Когда суп был окончен и Ордынцев утолил голод, он стал рассказывать Шуре, как он получил прибавку и как отстоял ее для служащих, и спросил:

— Не правда ли, и ты так бы поступила, моя милая?

— А то как же? Я понимаю тебя, папа. И Гобзин добрый…

— Ну, положим, не особенно добрый, а умный… Он дорожит мною, поэтому мы и поедем с тобою в Крым… И в театр на святки поедем… «Ревизора» посмотрим… И елку сделаем — ты пригласи своих подруг… На какой день назначим елку?

— На первый день… А сколько можно позвать подруг, папочка?

— Зови кого хочешь.

— А не дорого это будет?

— Милая, деликатная ты моя девочка! — проговорил умиленный отец. — Мы дорогую елку не сделаем… Не правда ли?

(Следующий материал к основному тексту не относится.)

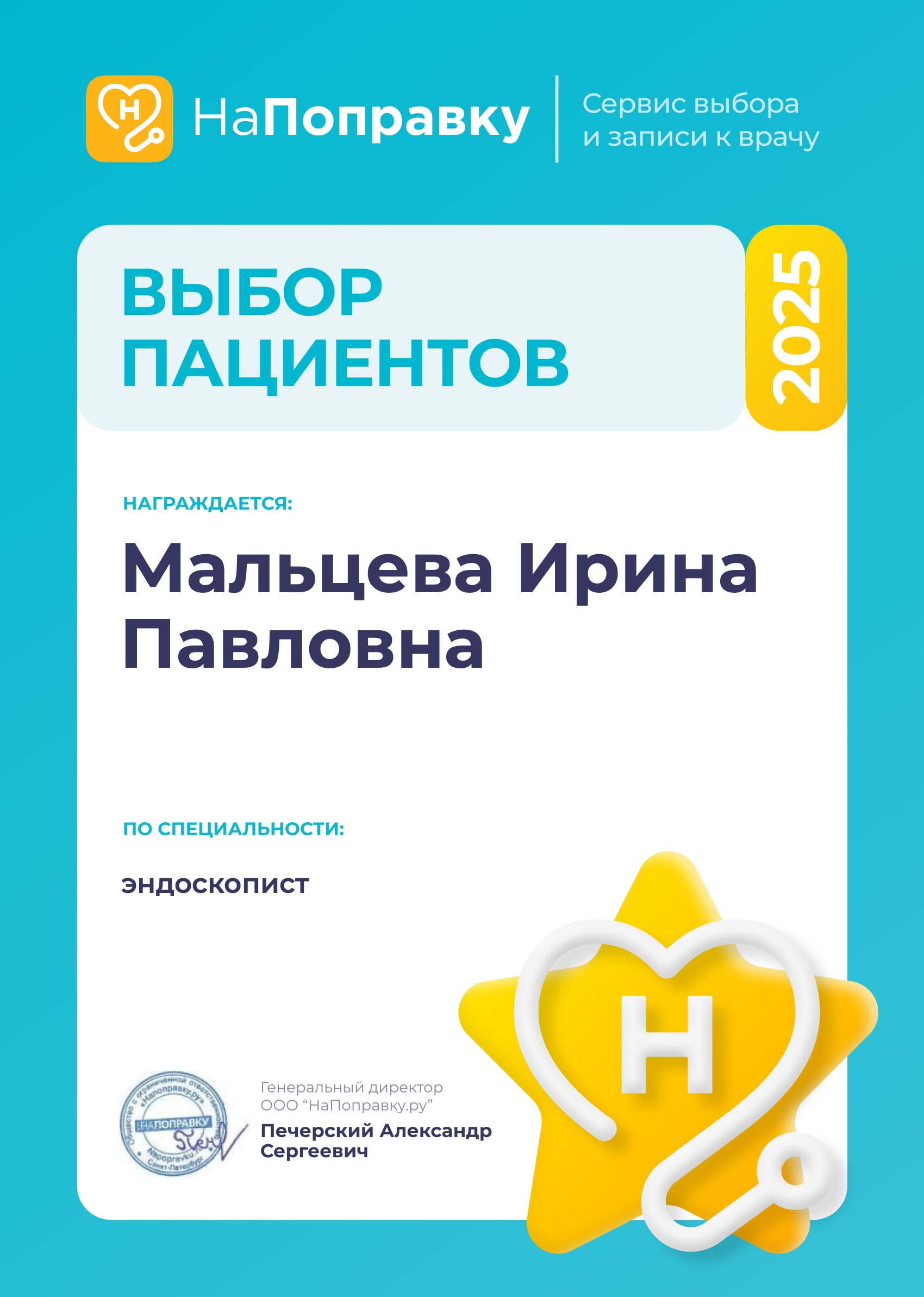 Хочу поблагодарить врача Мальцеву Ирину Павловну, за профессионально выполнение ФГДС. Хочу отметить, её доброжелательность, чёткость и внимание. Так же хочу сказать большое спасибо, всему коллективу медицинского центра " Династия ".

— Разумеется, самую дешевую.

— У нас на все денег хватит.

— Откуда же ты получишь?

— Сто десять рублей за вечерние занятия да сто рублей прихвачу у нас из кассы в счет наградных. Их в феврале выдадут. Полтораста рублей пойдут на прожиток, а пятьдесят рублей пойдут на праздники… Надо дать сторожам в правлении, нашей Аксинье, дворникам… Надо сделать подарок тебе…

— И сестре и братьям? — спросила Шура.

И тотчас же вспыхнула и взглянула смущенно на отца, словно бы извиняясь.

— Конечно, и им! — ответил отец и тоже смутился.

— А я маме вышиваю одну работу…

— Отлично делаешь! — похвалил Ордынцев.

Он докончил жаркое и отодвинул тарелку.

— Скушай еще, папочка.

Ордынцев отказался.

— Не понравилось? — с беспокойством спросила Шура.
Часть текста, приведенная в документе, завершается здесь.